Всего бы минутку одну, а там вновь ещё пристальней вглядеться в себя, припоминая всякий поступок и всякую мысль, как на Страшном Суде, даже тот угол комнаты, в котором зародилась она, и то время дня, когда кому-то вскользь поведал её или, напротив, опамятовался, благоразумно попридержал про себя, как непременно должен делать каждый дорожащий душевным делом своим, хотя бы в то немногое время, когда душа его слышит досуг и способна хоть несколько часов или дней прожить жизнью, углублённой в себя, во все стороны переворачивая всю свою жизнь, как постоянно делывал он, когда выходила остановка и заминка в труде, надеясь в себе отыскать причину остановки, заминки, освободиться, очистить душу ещё от одной какой ни на есть червоточины, пятнышка грязи, подняться повыше себя самого и вновь с обновлёнными силами приняться за долгий обдуманный труд.

И как бы хотелось развеселиться немного от этих воспоминаний о прежнем! И как бы хотелось, чтобы эти воспоминанья удержали его, раз уж нечему стало его удержать!

Нет, он не впадал в уныние, он не отдавал себя в тяжкий плен малодушию, помня всегда, что жизнь наша извечно не рай и не может расстелиться ровной гладкой дорогой, без приключений, без передряг, из одних удовольствий и наслаждений, из одних побед над собой. Он не забывал никогда, что ютится на грешной земле и что по этой причине всякую минуту с нами не только может, но и должно случаться что-нибудь самое из нежданного, не предвиденные ничем приключение и передряга.

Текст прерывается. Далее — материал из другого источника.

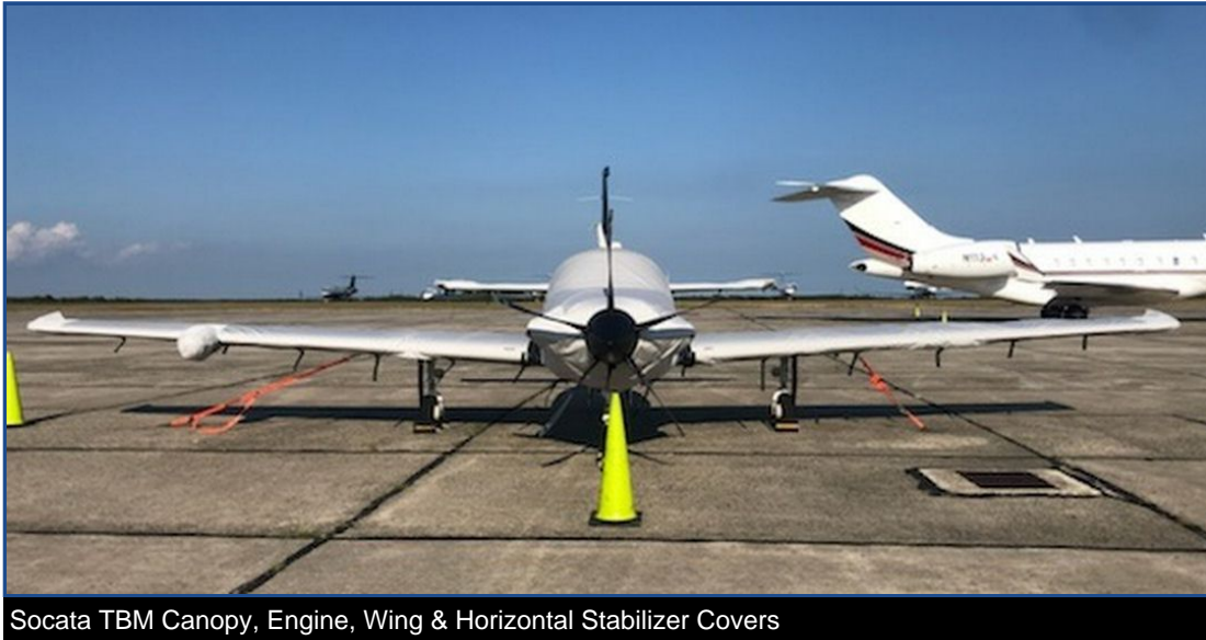
Socata TBM Canopy, Engine, Wing & Horizontal Stabilizer Covers

Мудрый помнит об этой доле всегда и ставит приключение, передрягу себе впереди, при самом начинании всякого дела, и потому не предаётся ни излишней радости при виде того, что легкомысленный человек именует удачей, ни горести при виде того, что тот же легкомысленный человек именует несчастьем и неудачей, но умными глазами оглядывает всякое своё приключение и всякую свою передрягу с разных сторон, прежде вопросив себя, не обманулся ли наружностью и первым своим впечатлением, чтобы не радоваться тому, чему не следует радоваться, и не опечалиться тем, от чего не следует предаваться печали, и, там размыслив все обстоятельства, снова с терпением берётся за труд.

Вся разница с прежним была только в том, что приключение вышло уж слишком большое и корни его уходили так глубоко, что его размышлениям как будто не было видно конца.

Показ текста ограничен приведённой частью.